Consortium of universities

The Southeastern Universities Research Association, Inc. (SURA) is a non-profit association with member universities from the United States and Canada. SURA is focused on advancing science, research, and educational discovery.

SURA, in partnership with the Virginia Polytechnic Institute and State University, co-owns SURATech, LLC, the Management and Operating (M&O) contractor for Thomas Jefferson National Accelerator Facility in Newport News, Virginia. In addition to managing Jefferson Lab, SURA supports research and workforce development across space sciences, computational and data sciences, and nuclear physics.

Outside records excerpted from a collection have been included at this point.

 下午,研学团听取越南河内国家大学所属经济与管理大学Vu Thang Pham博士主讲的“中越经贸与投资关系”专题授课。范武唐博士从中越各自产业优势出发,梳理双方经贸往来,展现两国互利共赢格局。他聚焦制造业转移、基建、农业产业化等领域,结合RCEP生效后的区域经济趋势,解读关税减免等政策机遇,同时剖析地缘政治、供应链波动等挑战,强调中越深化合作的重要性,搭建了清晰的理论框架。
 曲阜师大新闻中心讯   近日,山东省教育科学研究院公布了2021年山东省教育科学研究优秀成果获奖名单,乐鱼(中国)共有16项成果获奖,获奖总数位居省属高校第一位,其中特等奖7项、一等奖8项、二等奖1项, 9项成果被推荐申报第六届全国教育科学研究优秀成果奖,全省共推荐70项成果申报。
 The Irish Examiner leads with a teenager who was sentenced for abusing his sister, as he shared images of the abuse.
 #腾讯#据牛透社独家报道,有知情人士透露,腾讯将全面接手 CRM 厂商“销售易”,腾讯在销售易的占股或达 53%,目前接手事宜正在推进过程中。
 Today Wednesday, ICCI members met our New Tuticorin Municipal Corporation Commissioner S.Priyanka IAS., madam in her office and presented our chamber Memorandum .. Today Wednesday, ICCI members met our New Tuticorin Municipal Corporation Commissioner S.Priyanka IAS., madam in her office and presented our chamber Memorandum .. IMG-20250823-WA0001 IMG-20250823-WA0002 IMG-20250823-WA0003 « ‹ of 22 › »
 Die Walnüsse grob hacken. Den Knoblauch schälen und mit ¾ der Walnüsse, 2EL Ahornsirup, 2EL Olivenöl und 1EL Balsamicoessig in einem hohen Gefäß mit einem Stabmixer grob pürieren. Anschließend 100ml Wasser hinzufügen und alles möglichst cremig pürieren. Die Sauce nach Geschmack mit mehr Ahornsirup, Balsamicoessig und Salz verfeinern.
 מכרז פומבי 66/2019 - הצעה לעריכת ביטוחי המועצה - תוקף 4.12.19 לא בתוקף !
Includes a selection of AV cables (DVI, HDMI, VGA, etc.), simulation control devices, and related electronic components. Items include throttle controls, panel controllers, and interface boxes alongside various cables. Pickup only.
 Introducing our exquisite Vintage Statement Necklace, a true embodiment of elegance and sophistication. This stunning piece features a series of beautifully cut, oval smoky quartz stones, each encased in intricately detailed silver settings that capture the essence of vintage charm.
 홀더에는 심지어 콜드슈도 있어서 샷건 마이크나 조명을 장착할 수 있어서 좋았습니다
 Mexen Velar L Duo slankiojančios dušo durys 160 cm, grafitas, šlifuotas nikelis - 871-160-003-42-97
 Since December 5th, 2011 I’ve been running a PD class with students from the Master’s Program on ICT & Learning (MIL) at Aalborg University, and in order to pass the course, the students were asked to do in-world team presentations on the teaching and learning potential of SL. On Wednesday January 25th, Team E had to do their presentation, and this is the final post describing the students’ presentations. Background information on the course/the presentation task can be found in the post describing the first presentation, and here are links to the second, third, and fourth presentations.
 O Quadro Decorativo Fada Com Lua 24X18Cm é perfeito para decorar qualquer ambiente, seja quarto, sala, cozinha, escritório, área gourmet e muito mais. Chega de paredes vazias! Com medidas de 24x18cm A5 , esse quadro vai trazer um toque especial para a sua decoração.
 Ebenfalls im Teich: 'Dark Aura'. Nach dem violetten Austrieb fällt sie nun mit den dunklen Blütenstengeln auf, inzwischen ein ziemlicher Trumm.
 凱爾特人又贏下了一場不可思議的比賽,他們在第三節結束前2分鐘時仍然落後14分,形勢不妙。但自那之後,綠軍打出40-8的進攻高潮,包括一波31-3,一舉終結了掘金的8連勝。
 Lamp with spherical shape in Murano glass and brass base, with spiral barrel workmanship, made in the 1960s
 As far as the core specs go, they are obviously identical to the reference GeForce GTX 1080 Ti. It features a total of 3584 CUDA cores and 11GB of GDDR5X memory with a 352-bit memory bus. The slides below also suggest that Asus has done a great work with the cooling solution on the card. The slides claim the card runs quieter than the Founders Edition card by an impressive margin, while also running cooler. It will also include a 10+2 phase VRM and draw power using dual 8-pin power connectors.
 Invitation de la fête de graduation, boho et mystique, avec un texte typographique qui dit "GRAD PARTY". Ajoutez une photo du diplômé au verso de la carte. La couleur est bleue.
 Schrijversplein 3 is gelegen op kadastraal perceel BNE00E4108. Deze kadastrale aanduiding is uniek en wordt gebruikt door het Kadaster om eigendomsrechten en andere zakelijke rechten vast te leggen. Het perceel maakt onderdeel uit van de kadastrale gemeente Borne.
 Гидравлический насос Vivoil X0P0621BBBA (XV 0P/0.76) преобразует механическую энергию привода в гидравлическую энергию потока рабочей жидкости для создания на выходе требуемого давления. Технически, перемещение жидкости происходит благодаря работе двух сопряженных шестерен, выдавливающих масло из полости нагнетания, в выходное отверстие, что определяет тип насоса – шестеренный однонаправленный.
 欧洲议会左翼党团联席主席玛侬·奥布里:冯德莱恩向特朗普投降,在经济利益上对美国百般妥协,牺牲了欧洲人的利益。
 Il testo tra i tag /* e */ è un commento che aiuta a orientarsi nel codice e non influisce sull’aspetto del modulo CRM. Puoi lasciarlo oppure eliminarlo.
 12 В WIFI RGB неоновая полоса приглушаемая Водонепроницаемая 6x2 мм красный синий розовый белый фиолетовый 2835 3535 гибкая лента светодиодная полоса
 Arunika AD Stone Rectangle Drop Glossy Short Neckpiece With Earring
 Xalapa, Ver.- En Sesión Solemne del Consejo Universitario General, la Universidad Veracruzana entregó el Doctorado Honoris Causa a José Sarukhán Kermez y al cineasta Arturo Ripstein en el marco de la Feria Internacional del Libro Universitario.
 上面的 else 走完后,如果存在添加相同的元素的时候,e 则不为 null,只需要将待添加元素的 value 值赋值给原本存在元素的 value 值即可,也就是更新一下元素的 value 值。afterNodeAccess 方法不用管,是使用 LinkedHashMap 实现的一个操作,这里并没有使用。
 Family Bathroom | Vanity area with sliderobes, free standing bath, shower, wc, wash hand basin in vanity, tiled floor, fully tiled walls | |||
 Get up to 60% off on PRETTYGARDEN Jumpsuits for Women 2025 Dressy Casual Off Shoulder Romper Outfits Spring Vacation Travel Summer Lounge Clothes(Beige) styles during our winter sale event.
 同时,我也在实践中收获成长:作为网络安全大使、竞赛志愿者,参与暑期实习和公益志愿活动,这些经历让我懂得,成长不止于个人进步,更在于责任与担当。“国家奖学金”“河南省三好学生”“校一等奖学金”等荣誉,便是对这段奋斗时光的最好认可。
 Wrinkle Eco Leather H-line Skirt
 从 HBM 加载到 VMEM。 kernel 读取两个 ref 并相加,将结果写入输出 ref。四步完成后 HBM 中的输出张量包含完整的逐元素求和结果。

SURA was founded in May 1980 at a meeting at The College of William & Mary, in which a group of research physicists from various universities recognized the opportunity to create a consortium to promote the expansion of nuclear physics in southeastern United States. Harry Holmgren of the University of Maryland, was the first elected president of SURA, with Jim McCarthy from the University of Virginia as the Vice President. SURA was initially formed in response to the science community’s desire to build an electron accelerator to explore the role of quarks in nuclear structure. Originally named CEBAF, the laboratory is now known as the Thomas Jefferson National Accelerator Facility (Jefferson Lab).

== Organization ==
As a consortium of 57 advanced research institutions, SURA collaborates with its members to support the Department of Energy, the National Science Foundation (NSF), the National Aeronautics and Space Administration (NASA), and the Department of Defense in addition to other federal and commercial industry research and development programs.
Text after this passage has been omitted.